1. The Cryorg H7 cooler system has two 4-pin PWM-type fans, and comes with a Splitter. Use that to connect both fans to the CPU_FAN header of the mobo at top edge near the front (manual p. 7). This will put both fans under identical control, adjusted automatically by the mobo in response to actual temperature measured inside the CPU chip by a sensor. A small note FYI. Any fan header can accept coming back to it the speed signal from ONE fan - two or more causes confusion and errors. So the Splitter returns the speed of ONE of those two fans to the CPU_FAN header and ignores the other. This does NOT affect the ability to do fan speed control. However, it does mean that you will be able to see a display of the speed of ONE of those fans, and assume the other is doing that same.

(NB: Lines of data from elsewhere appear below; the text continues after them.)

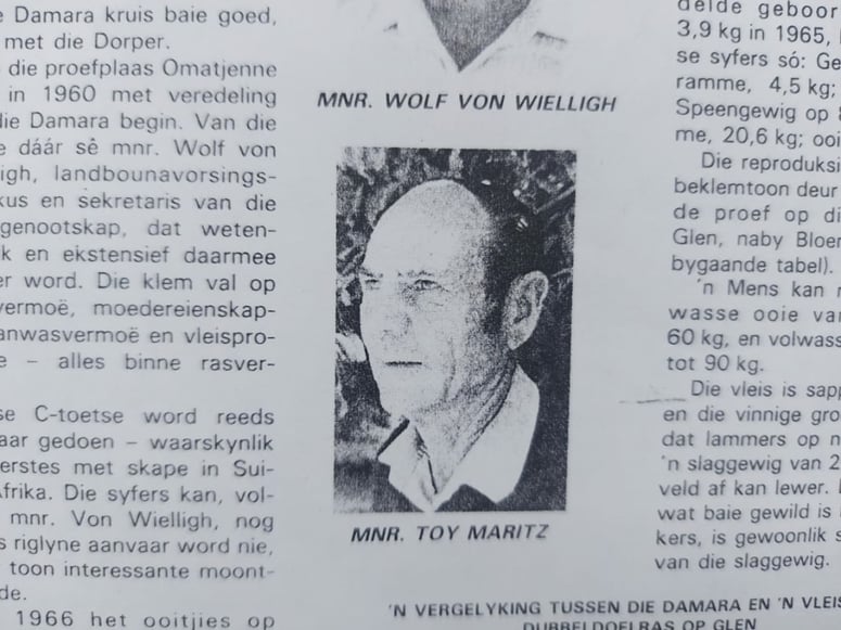 (Reference: Interview with Daantjie van Vuuren; ‘The origin of the Damara Sheep’, Damara Skaap Nieuws, vol 2, 1990; ‘Who were the artists?’ I&J Rudner, Archaeological Notes from South West Africa; Damara sheep, Wikipedia)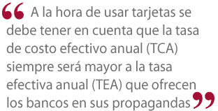 "A la hora de usar tarjetas se debe tener en cuenta que la tasa de costo efectivo anual (TCA) siempre será mayor a la tasa efectiva anual (TEA) que ofrecen los bancos en sus propagandas", señala.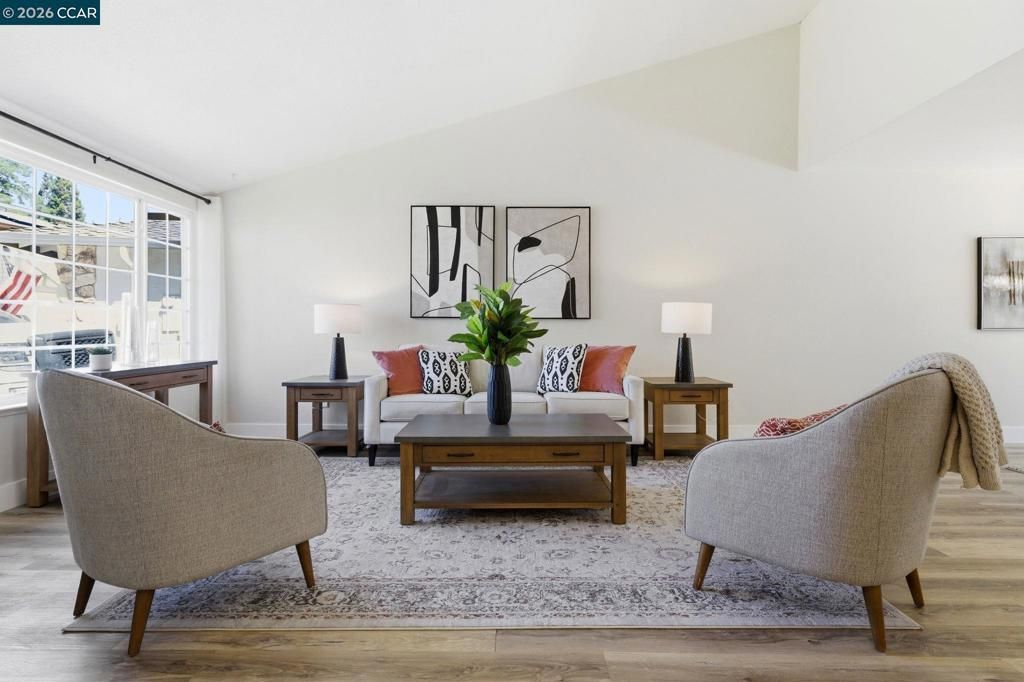 Vaulted ceilings, expansive living spaces & a private backyard with pool define this 4-bedroom home plus a dedicated office, set on a quiet court. Natural light pours through oversized windows into the living & dining areas, while a separate family room with fireplace offers a comfortable place to gather or unwind with direct backyard access. The kitchen is well-equipped with dual ovens, generous cabinetry & a dining nook anchored by a built-in beverage bar with fridge, opening directly to the patio & pool area. An indoor laundry room & powder room add convenience. Upstairs, the primary suite offers dual sinks, a jetted tub & a separate shower with dual shower heads beneath a skylight that brings in natural light. Three additional bedrooms share an updated hall bath with a jetted tub & tubular skylight. Additional highlights include owned solar, recently updated LVP flooring & carpet, a tankless water heater & overhead garage storage. The backyard features a pool, patio for outdoor dining, lawn space & mature landscaping that creates privacy & usable outdoor space. Located near neighborhood parks, hiking trails & top-rated schools, with easy access to downtown Claytons shops, dining & community events, plus convenient commuter routes.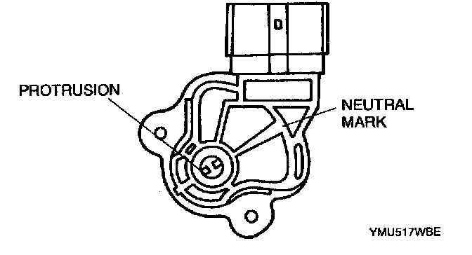 12. Turn the TR switch so that the neutral mark is in line with the flat, straight surfaces on either side of the manual shaft.

A second function of the CPU_FAN header is to monitor the fan for failure, defined as no speed signal from the fan. But in this arrangement, the second fan's speed signal cannot be monitored that way, so you should just check from time to time that both fans are still working.

2. Your case comes with three 140 mm AF140 LED fans. In this fan type, the single colour of LED's mounted in the fan frame is simply connected in parallel with the fan motor's power supply, and there's no separate light cable. The fans are of the older 3-pin variety that requires that it supply voltage be altered to change its speed. Your case comes with an adapter you can use to connect all three fans to a case-mounted front panel button allowing you to set their speeds to full or slowed down (for less noise and less cooing). For this purpose the cabling includes one wide connector that plugs into a SATA power output connector from the PSU (you may be more accustomed to using a 4-pin Molex output from your previous system). Then it has three male fan output connectors for the fans.

You have the alternative available to power and control all those fans differently. Simply ignore those cables associated with the case fan switch system. Your mobo has lots of SYS_FAN headers. If you use them instead to connect your fans, you can have the mobo do automatic fan speed control of them. That is, based on a temperature sensor built into the mobo (not the one inside the CPU chip) it can adjust the fan speeds continuously as workload changes, providing full cooling when needed and reduced cooling (and noise) under lighter workloads. To do this, plug the three fans into separate SYS_FAN headers. I suggest you use two at the bottom edge near the front (p.7, items SYS_FAN3 and 4) for the front pair, and SYS_FAN1 (rear middle) or SYS_FAN2 (rear top) for the rear fans. When you get it running, go onto BIOS Setup (manual, p. 39). I suggest you do this: immediately after pushing the case power button, hold down the "Del" key until the screen shows the first page of Setup (p. 40 and 41). This ensures that your keypress will be noticed by a system busy with start-up tasks. Click on the Smart Fan item at lower right - see p. 53. At top left select in turn each of the three SYS_FAN headers you are using for the case vent fans. For each of them, set their configuration: Fan Speed Control "Normal"; Fan Control Use Temperature Input to the Motherboard sensor, not CPU; Fan / Pump Control Mode to "Voltage"; Fan / Pump Fail Warning to "Enabled". When you have them all set, use the "Esc" key to get back to the main menu, then choose Save and Exit from the top menu bar. See p. 66 and choose Save and Exit Setup to save your settings and reboot. Since all three fans are connected to separate headers but configured to use the same control system, they all will do exactly the same thing, and each will have its speed available for display and monitored for failure.
 

Darkbreeze

Titan
Moderator
And I would apply that ^^^^^ information AFTER you've changed around the orientation of your CPU cooler. If you are unable to make the cooler fit when properly oriented because of memory clearance then you MIGHT need to mount the front fan slightly higher up on the heatsink by just enough to allow the closest memory module to fit under the fan if they are too close to both be where they would normally be.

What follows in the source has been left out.